Zapft

O` Zapft is, so hieß es nach fünf Schlägen

O` Zapft is, so hieß es nach fünf Schlägen mit dem Hammer durch Oberbürgermeister Dr. Oliver Junk bei der zweiten Fest-Auflage des Oktoberfestes in Oker.

Als zweiter Gast für den Bieranstich war der Ehrenbürger Siegmar Gabriel vorgesehen, dieser hatte wegen einer Reise nach Moskau kurzfristig abgesagt. Dann füllten sich die ersten Gläser mit original Münchner Oktoberfestbier. Gemeinsam mit den Organisatoren des Oktoberfestes, der Schützengesellschaft Oker (SG) mit Jörg Ihde, Lothar Engelmann, Willi Allroth und Heik Eggers, Bernd Röttger und Werner Kyling von der Musikgemeinschaft Oker (SMG) stieß der Oberbürgermeister an.

Mit Präsenten wurden die Kartenverkäufer Susanne Könker und Jens Kloppenburg bedacht. Es wurden den zahlreichen Sponsoren gedankt, sonst lässt sich so ein Fest nicht mehr finanzieren so die Veranstalter. Mit 550 Gästen, 50 mehr als im vergangenen Jahr, war das Festzelt auf dem Schützenplatz gefüllt. „So viele Leute haben wir noch nie bei einem Schützenfest gesehen, so das wir Ausverkauft sagen mussten“, so Jörg Ihde von der SG.

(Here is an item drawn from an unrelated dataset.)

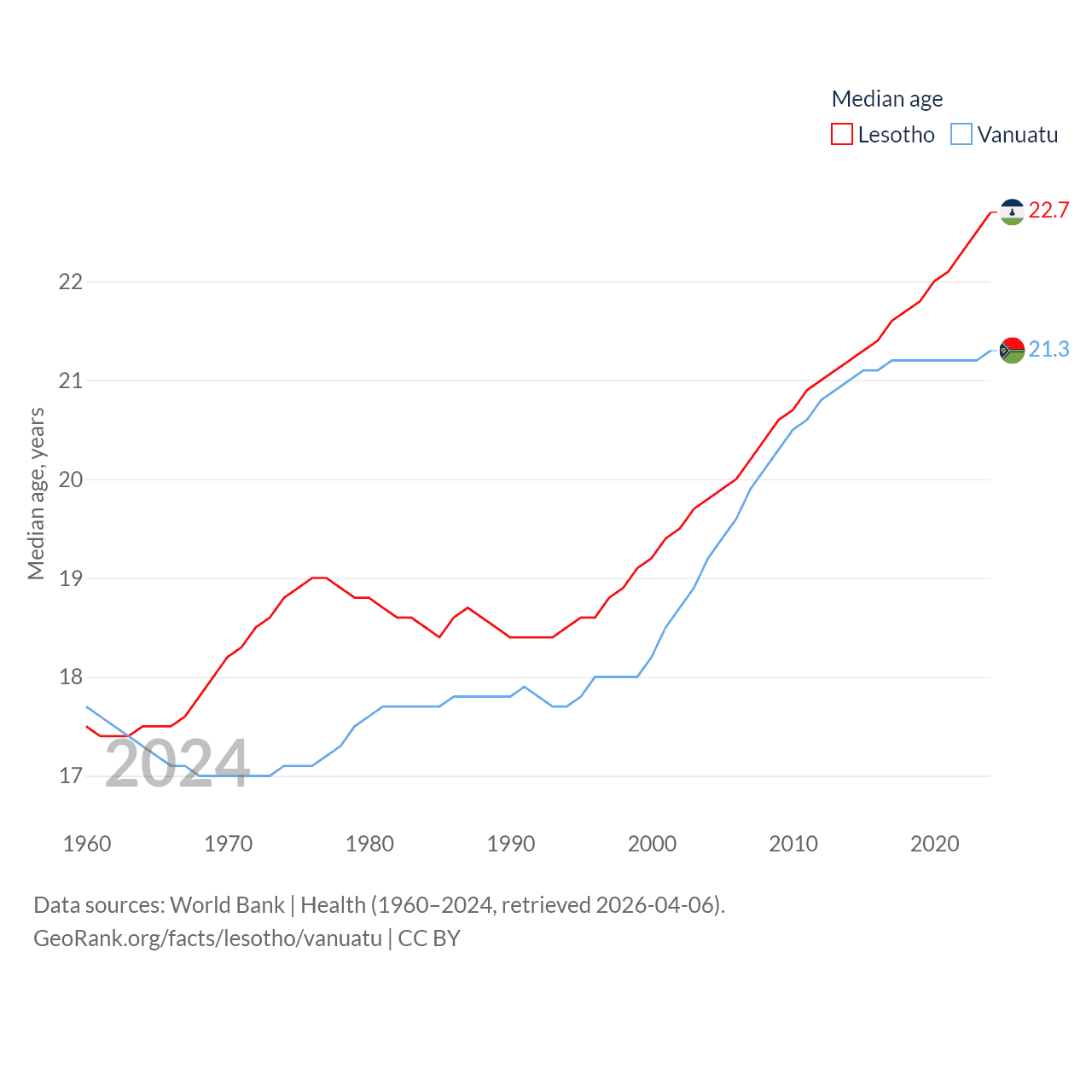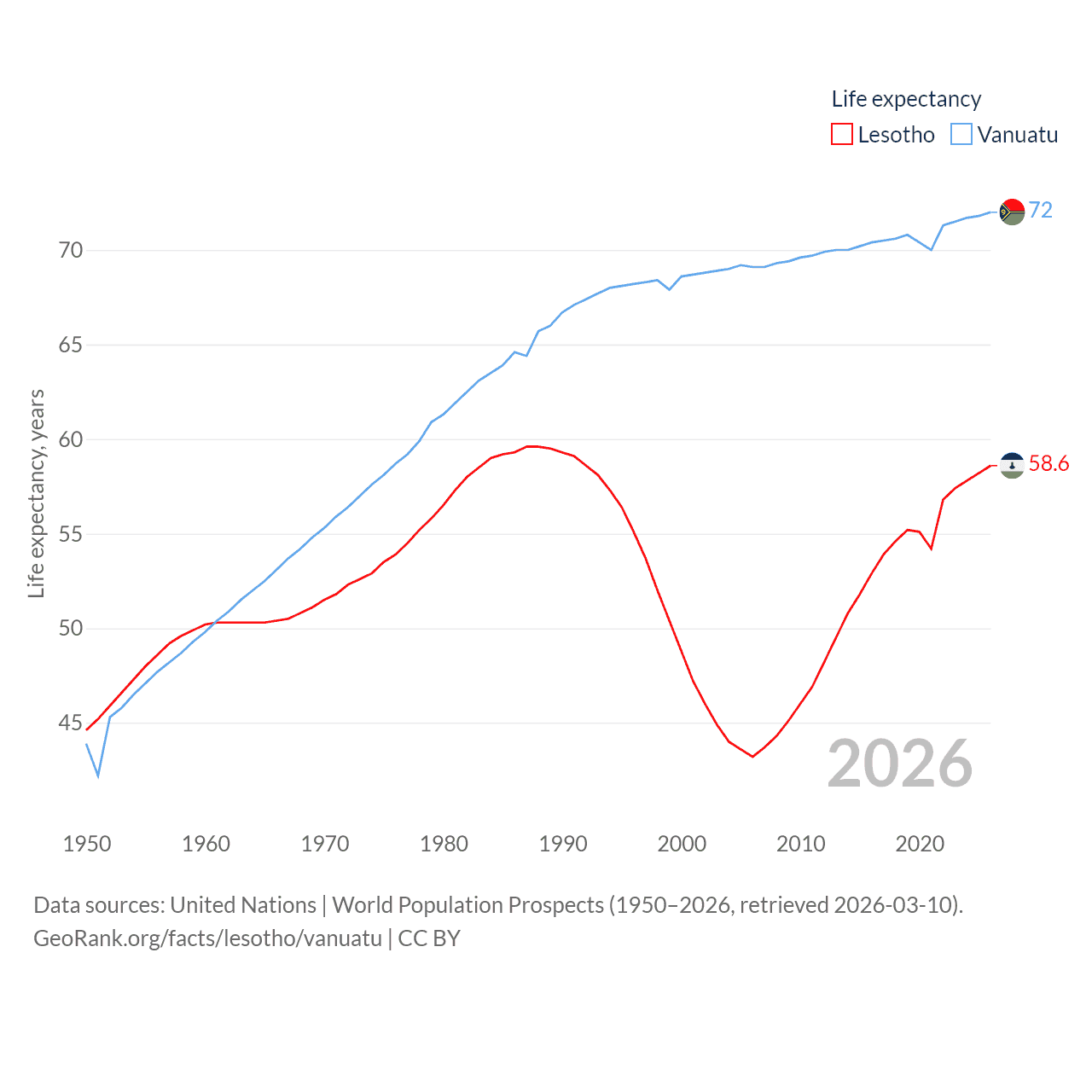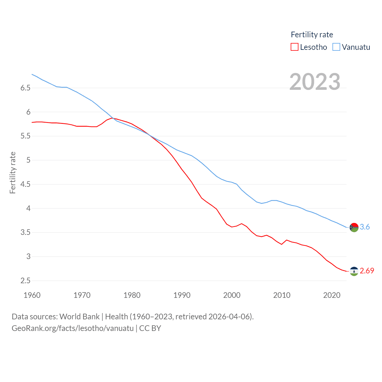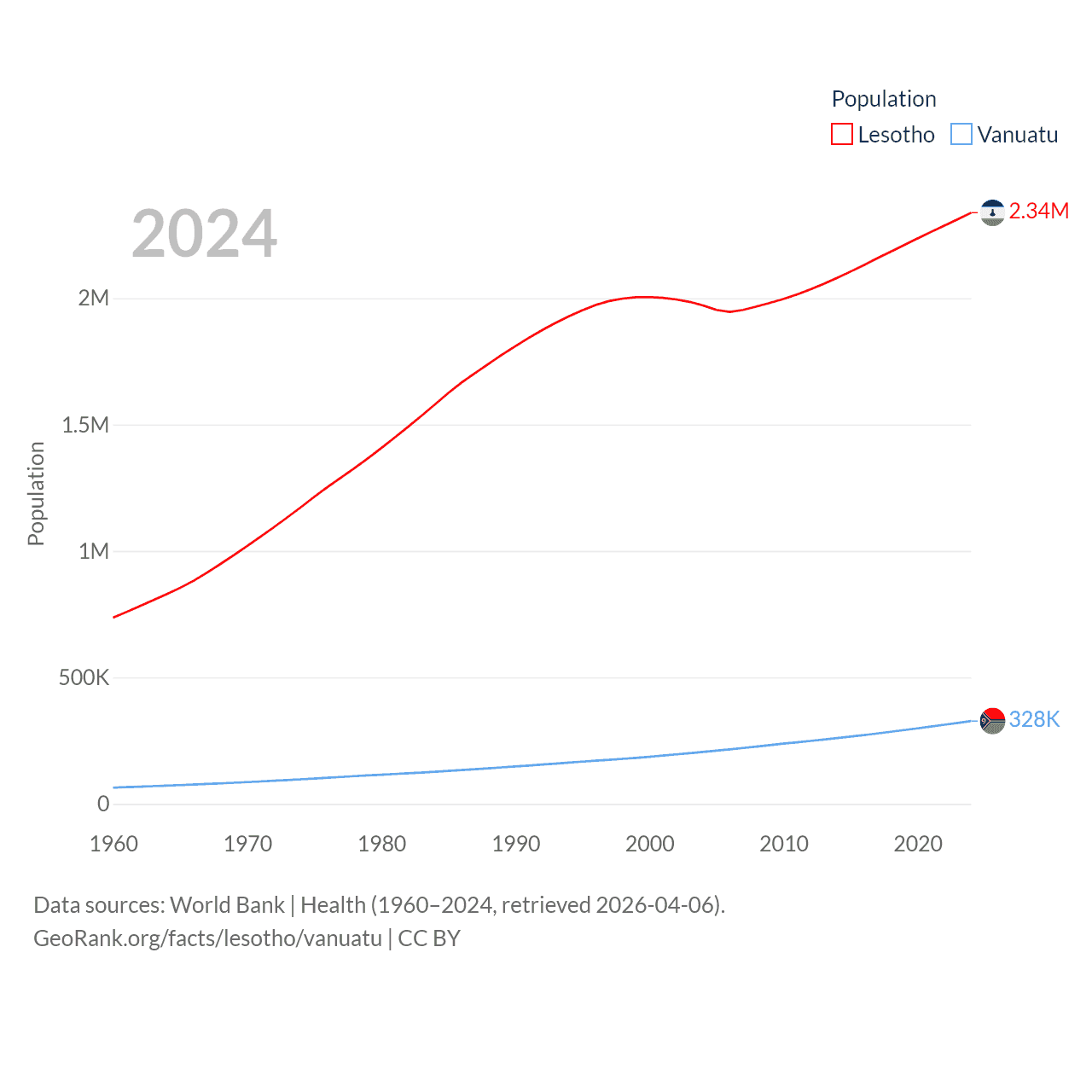 Lesotho has a population of 2.34M (ranked 145/197), compared with 328K in Vanuatu (ranked 174/197). Lesotho's land area is 11,722 sq mi versus 4,707 sq mi for Vanuatu (ranked 137th vs. 157th).

Dann ging es aber so richtig los im Zelt, dafür sorgte Inside, die Oktoberfestband aus dem Allgäu

Seit Jahren reißen sie in Deutschland und vielen weiteren Ländern in Europa mit einer Mischung aus Volksmusik, Schlagern und Fetenhits das Publikum von den Bänken. Die Tanzfläche war bei jedem Stück überfüllt. Die beiden Sängerinnen gingen auch in das Publikum hinein und heitzen die Stimmung noch weiter an. Hits von Die Hände zum Himmel über 1000 Mal belogen von Andrea Berg, Zu den Bergen Tirol, Das rote Pferd bis hin zu Andreas Gabalier Ich sing ein Lied für dich duften natürlich nicht fehlen. Auch einige Schunkelrunden gab es für kleine Tanzpausen.

Die Gäste kamen nicht nur aus Oker und dem gesamten Stadtgebiet, auch aus Döhren waren sie angereist. Willi Allroth, Mitglied in zwei Schützenvereinen in Oker, fand es hervorragend und gemütlich in Oker zu feiern. Bisher hat er immer Oktoberfeste in Scharbeutz gefeiert.

Schönste Tracht wurde gekürt

Zahlreiche Damen kamen im Dirndl und die Herren in Lederhose, deshalb wurden auch die schönsten Trachten durch die Besucher ausgelost und als Belohnung gab es eine Flasche Enzian. Das schönste Dirndl hatte Mona und die Lederhose hatte ihr Ehemann Stephan.

Für das leibliche Wohl sorgte der Lindenhof mit Schweinshaxen, Leberkäse, Weißwurst, Spanferkel, Brezeln, Gulasch mit Nudeln Bratwurst und Schaschlik gesorgt. Im nächsten Jahr soll eine Damenband für Stimmung in einem noch größeren Zelt sorgen, dafür haben die Veranstalter schon vorgesorgt.